Prezydent Andrzej Duda zapowiedział, że w pierwszą podróż zagraniczną w nowej kadencji wybierze się do Włoch i Watykanu, gdzie spotka się m.in. z papieżem Franciszkiem. Prezydent podkreślił, że będzie to dla niego bardzo ważna podróż.

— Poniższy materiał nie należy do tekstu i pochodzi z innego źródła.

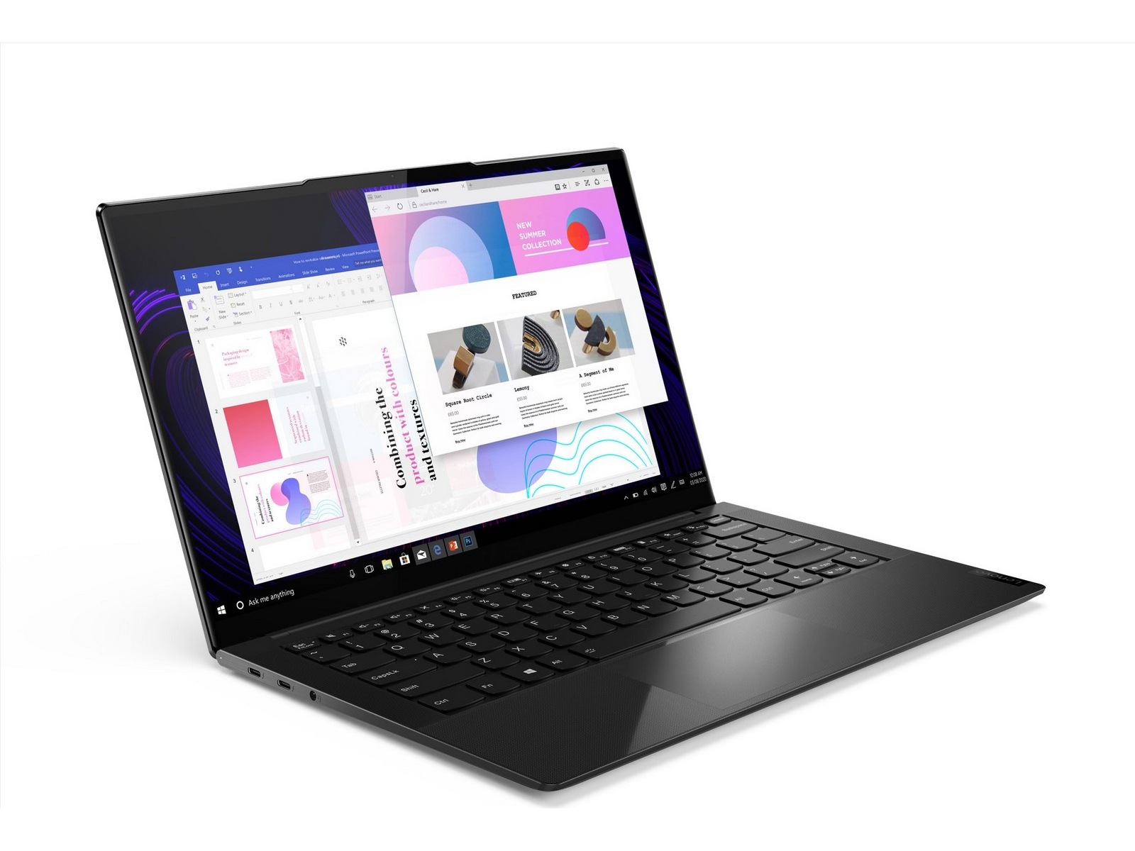 Se alle detaljene i et bredere utvalg av livlige farger med en 14" FHD skjerm. Kantet med mikrobord og optimalisert med Dolby Vision ™ og Intel® Iris® Xe Grafisk ytelse, Yoga Slim 9i, tilbyr kraftige, fordypende bilder kombinert med den tredimensjonale lyden fra et Dolby Atmos®-høyttalersystem som vender foran.

We czwartek prezydent Andrzej Duda przed Zgromadzeniem Narodowym został zaprzysiężony na nową kadencję. Zwycięzca minionej kampanii wyborczej na antenie Polsat News mówił o swoich planach na najbliższe tygodnie, w tym także o podróżach zagranicznych. Prezydent zapowiedział, że jego pierwszym oficjalnym wyjazdem będzie podróż do Włoch i Watykanu, gdzie weźmie udział w prywatnej audiencji u papieża Franciszka. To symboliczny kierunek, który obrał Andrzej Duda. Zresztą prezydent tłumaczy, że będzie to dla niego niezwykle ważna podróż.
Wesprzyj nas już teraz!
Prezydent dodał, że zrealizuje zapowiedzi z okresu kampanii wyborczej, kiedy mówił, że w pierwszej podróży zagranicznej odwiedzi Rzym. W wywiadzie dla Polsat News powiedział, że podczas wizyty we Włoszech oprócz spotkania z Ojcem Świętym zaplanowano rozmowy z przedstawicielami najwyższych włoskich władz. – Myślę, że wielu Polaków zgodzi się ze mną, że to jest to miejsce, gdzie prezydent Polski powinien przyjechać na początku drugiej kadencji – tak mówił o Watykanie jako kierunku swojej pierwszej oficjalnej wizyty zagranicznej.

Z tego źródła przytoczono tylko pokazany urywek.